Overall structural schematic of the final candidate molecule ISM2286 (D16-M1P2), showing the three-module architecture of warhead (ISM4963), spirocyclic linker, and CRBN binder, along with key protein interactions.

4. Conclusion
Using the development of ISM2286, a PKMYT1 PROTAC degrader published in Nature Communications, as a case study, this white paper provides a detailed account of how the Chemistry42 platform was applied at each critical stage of PROTAC development, including operational procedures and design strategies.

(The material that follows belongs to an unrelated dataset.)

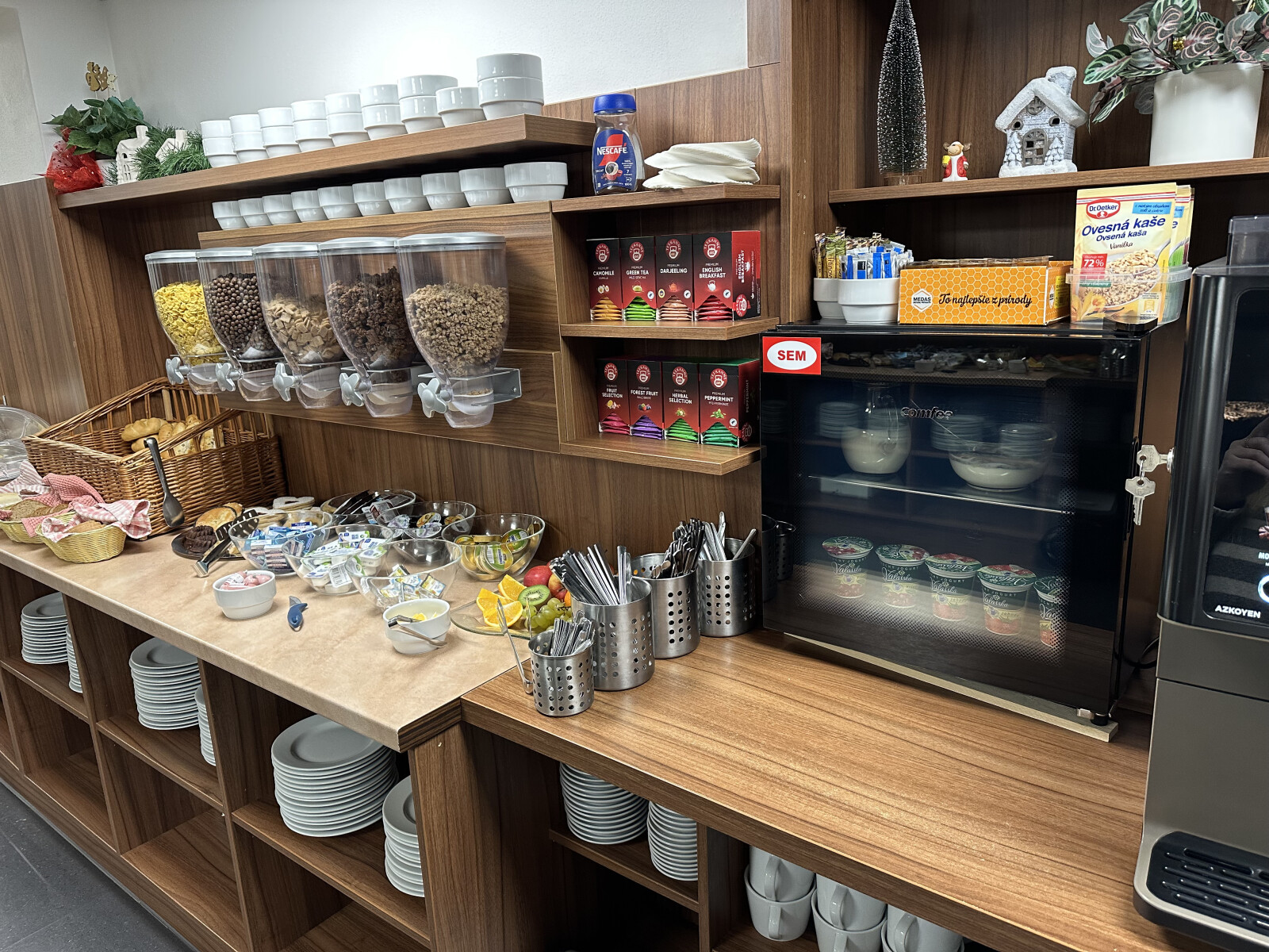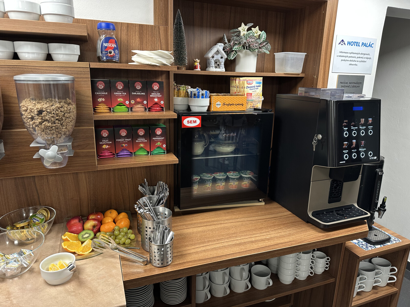 Křupavé pečivo, vůně čerstvé kávy a výběr toho nejlepšího pro sladké i slané jazýčky. Naše snídaně formou švédských stolů nabízí vše, co potřebujete pro načerpání energie – od vajíček a uzenin až po čerstvou zeleninu, jogurty a dezerty. Prohlédněte si naši galerii a těšte se na ráno v Hotelu Palác.

The core value of Chemistry42 lies not only in the technical capability of individual modules but in integrating meticulous input configuration, iterative configuration optimization, AI generation, selectivity prediction, molecular dynamics simulation, and ADMET optimization into an end-to-end, controllable, and reproducible industrialized design loop. In the PROTAC field, this workflow paradigm organically combines drug discovery experts' structural insight and manual refinement, significantly reducing R&D uncertainty and accelerating the discovery of high-quality candidate molecules.
References
  1. Wang, Y., Wang, X., Liu, T. et al. Discovery of a bifunctional PKMYT1-targeting PROTAC empowered by AI-generation. Nature Communications 16, 10759 (2025). 
  2. Gallo, D., Young, J. T. F., Fourtounis, J. et al. CCNE1 amplification is synthetic lethal with PKMYT1 kinase inhibition. Nature604, 749–756 (2022). 
  3. Szychowski, J., Papp, R., Dietrich, E. et al. Discovery of an orally bioavailable and selective PKMYT1 inhibitor, RP-6306. Journal of Medicinal Chemistry 65, 10251–10284 (2022).